In difficult historical or economic conditions, people often stigmatize and dehumanize those they disdain and distrust. Without adequate education about the past and discussion of the dangers of anti-Semitism, many believe that history could repeat itself. This is why Holocaust education is crucial to dispelling the fear, anxiety and ultimately hatred of the Jews. Unfortunately today, as the last Holocaust survivors pass away, we risk losing touch with the human-caused catastrophe that nearly wiped the Jewish people off the face of the Earth, increasing the risk of rampant anti-Semitism.
In fact, there seems to be an inverse proportion between knowledge of the Holocaust and anti-Semitism. In February 2019, Schoen Consulting conducted a survey at the behest of the Conference on Jewish Material Claims against Germany. The survey indicated that there is a serious deficiency in knowledge about the Holocaust among US adults and that fewer people care about the Holocaust than they did in the 1950s through 90s. 70 percent of those polled believe that fewer people care about the Holocaust today than in the past and nearly 60 percent believe that the Holocaust could happen again.
According to the Schoen findings, one third of Americans, and a staggering 40 percent of Millennials, believe that substantially fewer than 6 million Jews were killed in the Holocaust (they mistakenly consider the figure to be closer to 2 million). Half of the respondents could not name a single concentration camp or Jewish Ghetto among the 40,000 camps and Ghettos across Europe. Stunningly, 41 percent of older adults and 66 percent of Millennials hadn’t heard of Auschwitz, the largest and most notorious concentration camp. Moreover, 80 percent of US adults had never visited a Holocaust museum. Despite these serious gaps in their historical knowledge, the vast majority of the Claims Conference poll respondents—80 percent–believed that education about the Holocaust could help prevent such genocides in the future.
The Never Again Education Act is an effort by a bipartisan group of US legislators in both the House and the Senate to promote Holocaust education.
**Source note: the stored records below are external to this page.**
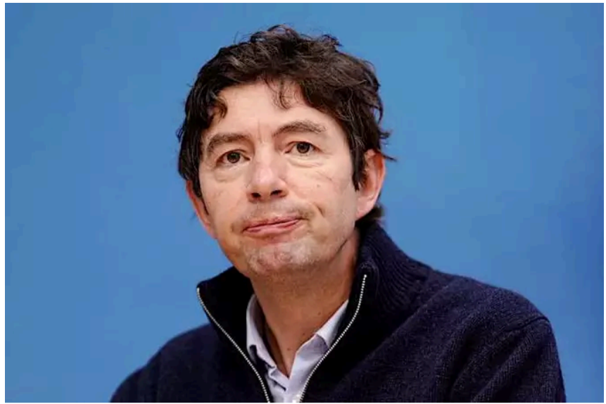
Virologe Christian Drosten: „Corona jetzt mit normaler Grippe vergleichbar“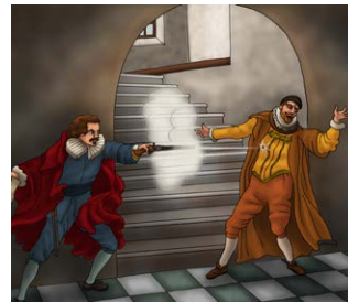
Leer over Willem van Oranje

Daarover ging mijn betoog. Dat mochten we schrijven op een middelbare school samen met 5-vwo-leerlingen met het eindexamenvak geschiedenis."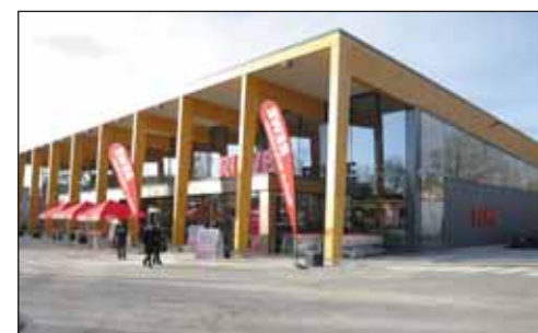
REWE · Hambourg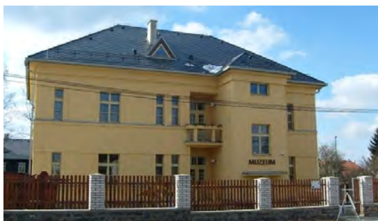
Muzeum Středních Brd ve Strašicích.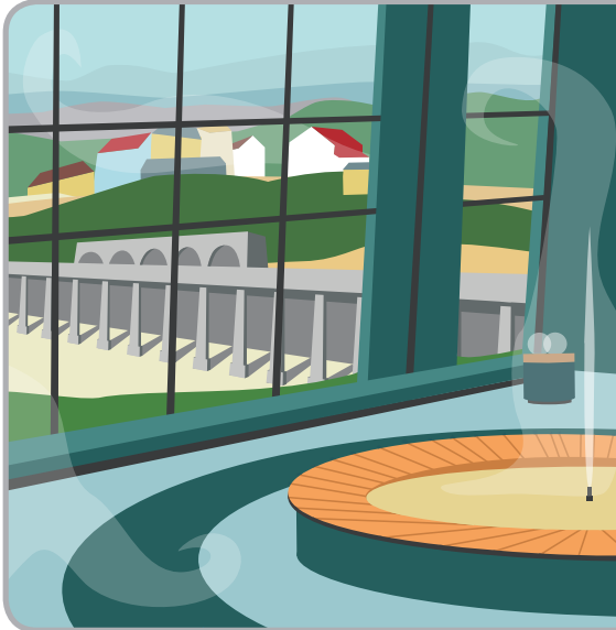
ILLUSTRATION BY LOCAL ARTIST KATEŘINA HUBENÁ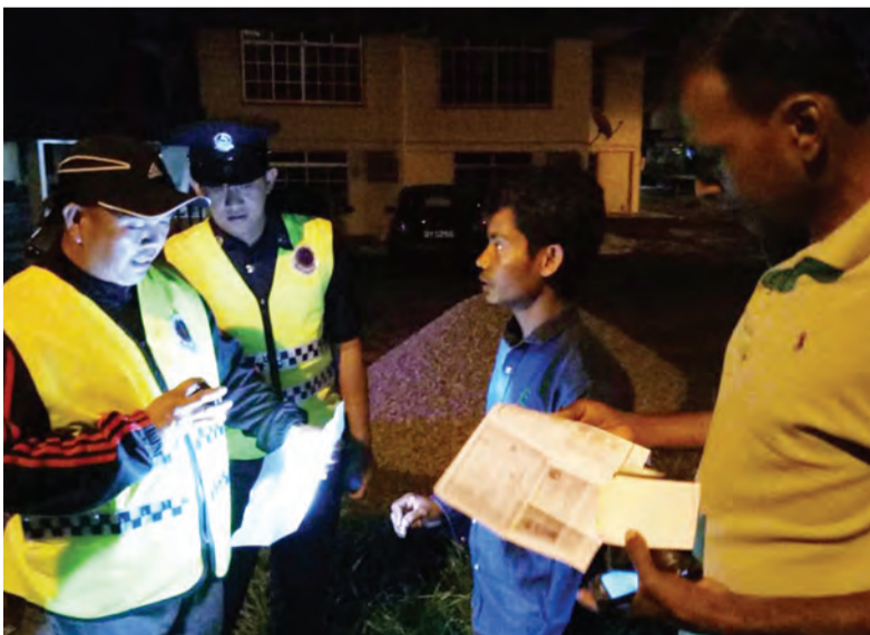
RONDAAN pencegahan jenayah dijalankan sempena cuti awam Tahun Baharu Cina oleh ahli-ahli Pengawasan Kejiranan (PK) Mukim Kianggeh, Kampung Jaya Bakti, Kampung Jaya Setia, Kampung Burong Pingai Berakas, Kampung Lugu dan Katimahar, Kampung Masin dan Kampung Lumapas 'B' (kiri dan kanan).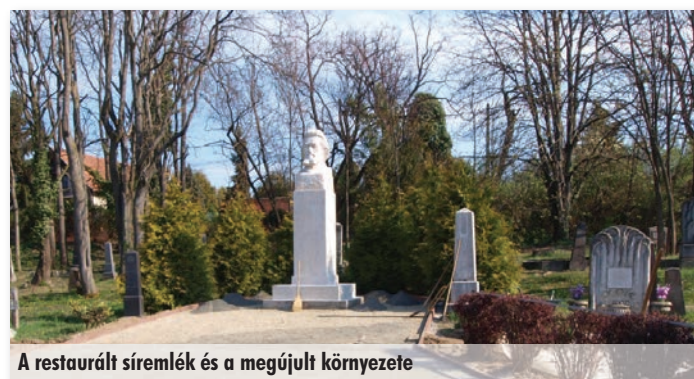
A restaurált síremlék és a megújult környezete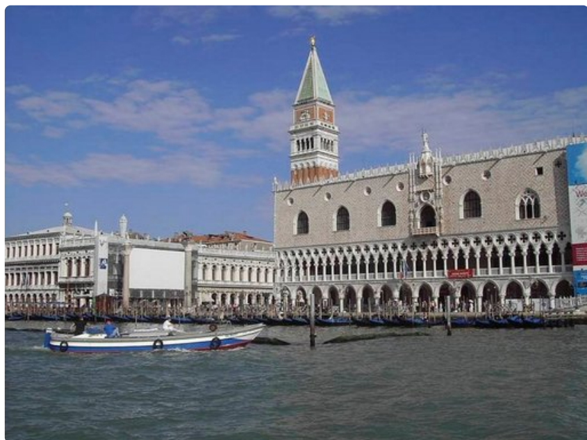
Venetsiaan on luontevaa saapua vesiteitse.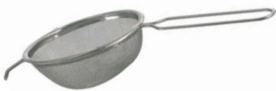
Cedníkové síto jemné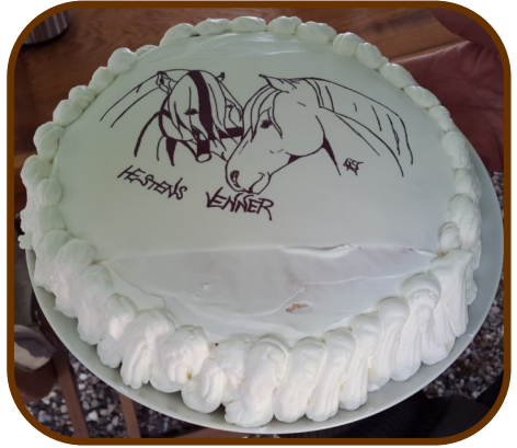
Lagkage med logo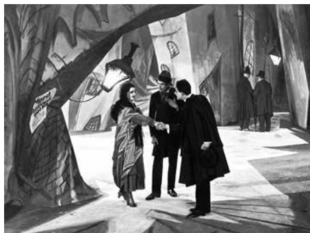
14 «Das Cabinet des Dr. Caligari» (g1)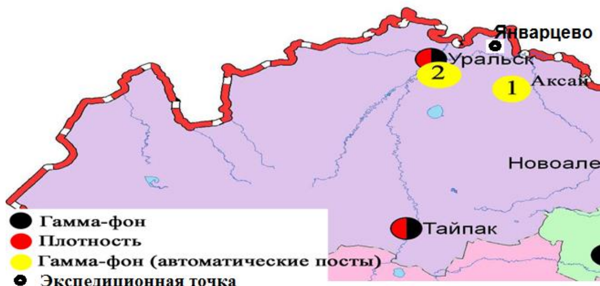
Рис. 1 Схема расположения метеостанций за наблюдением уровня радиационного гамма-фона и плотности радиоактивных выпадений на территории Западно-Казахстанской области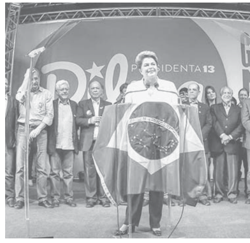
大統領再選を果たしたジウマ氏 (Dilma Rousseff)

数日前までの世論調査では、53.5%の支持率でジウマ氏有利と言われていたが、ジウマ氏にとって予断を許せる状況ではなかった。それは24日に発表されたウエーパ紙が「ベロプラサ贈収賄疑惑」に関してルーラ前大統領もジウマ氏も知っていたと題して表紙にしたため、メンサロン事件を最初世に知らしめた同誌の報道というところもある。ジウマ氏は選挙高等裁判所に差し止めを求めたものの行動もとった。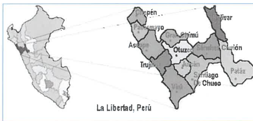
PAIS PERU: Región La Libertad

Several senators introduced a bill that would help fund and encourage Holocaust education programs in American schools. Jacky Rosen, a Democratic senator from Nevada, spearheaded this bill in 2016. The bill stipulates combining private donations as well as federal and state funding for the Holocaust Education Assistance Program Fund. The program would help pay for training teachers and guest speakers on the Holocaust, cover the cost of textbooks, as well as fund the transportation and housing for teachers to attend conferences and seminars about the Holocaust.
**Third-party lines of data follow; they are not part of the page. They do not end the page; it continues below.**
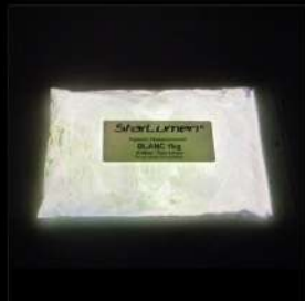
Weiss schwache Leuchtdichte Ausschliesslich Lösemittel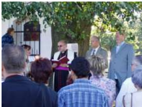
Knäspelova kaple u Polevska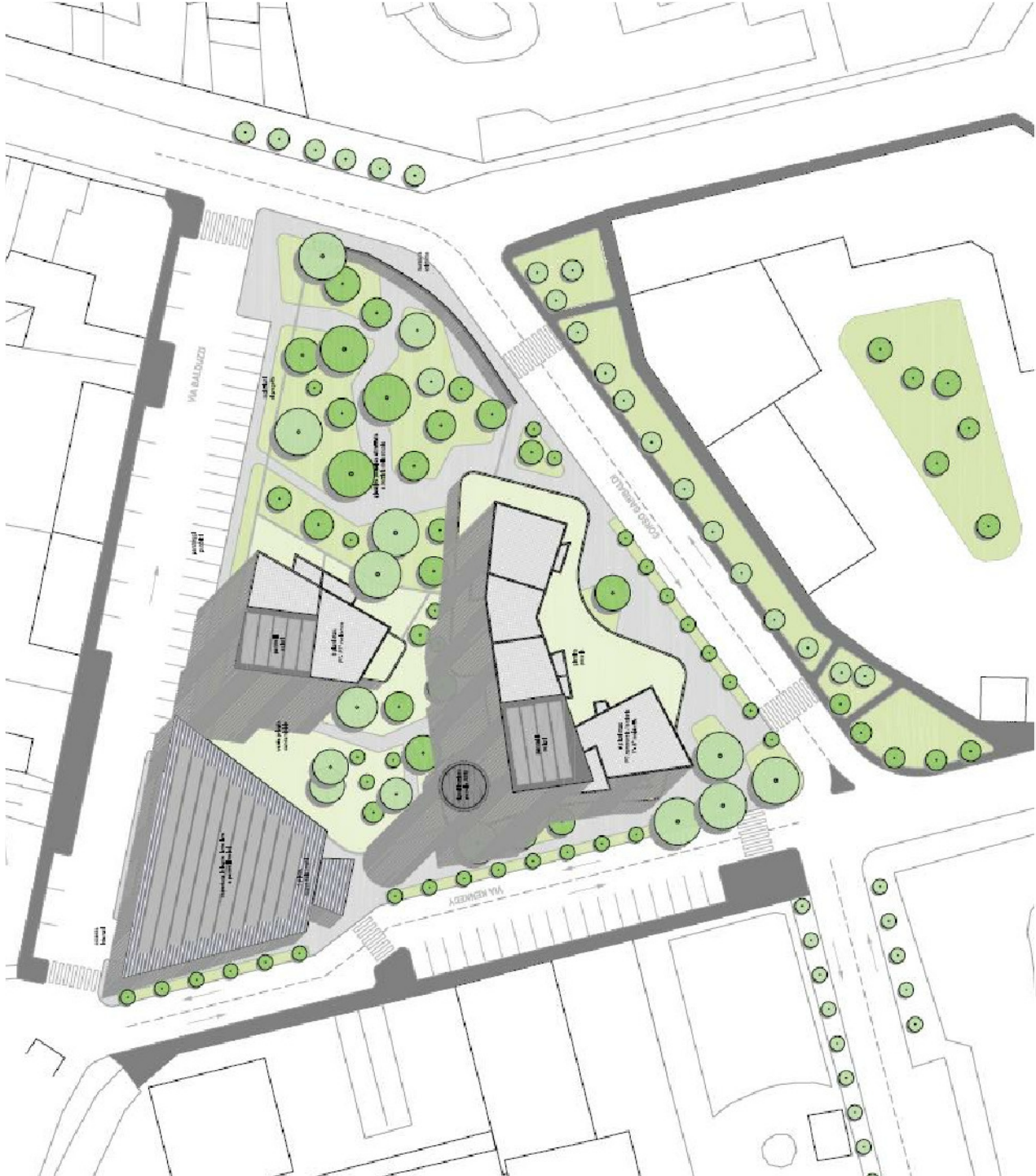
Estratto progettuale da proposta attuativa - planovolumeirico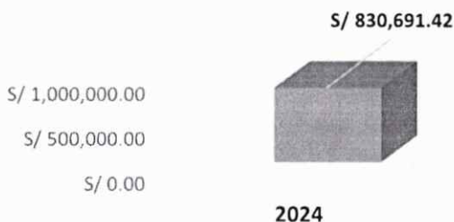
Predial desde el 12 de enero al 08 de marzo 2024

Que, se ha obtenido una recaudación, de 830,691.42 soles, desde el 12 de enero hasta el día 08 de marzo de 2024 de impuesto predial.

This bill found bipartisan support in the Senate from Republican senator Ted Cruz (Texas), Marco Rubio (Florida), Kevin Cramer (North Dakota) and Democratic senators Tim Kaine (Virginia) and Richard Blumenthal (Connecticut). The bill also has strong proponents in the House of Representatives. Sponsored by Representative Carolyn B. Maloney (Democrat, New York) and Elise Stefanik (Republican, New York), the bill was introduced in the House of Representatives on April 10, 2018 and has gained 209 bipartisan supporters.
The Never Again Education Act would fund and facilitate Holocaust Education in every state in the US. So far several states have already implemented some local codes or guidelines that require that information about the Holocaust and other genocides be taught in public schools, including California (1985), Illinois (1989), New Jersey (1991), Florida (1994), New York (1994) and, more recently Maryland (2019). In the wake of an alarming rise in anti-Semitic domestic terrorism and attacks on Jewish centers and synagogues, I am glad to see that legislators across the country see the urgent need for a more in-depth, national program of Holocaust education.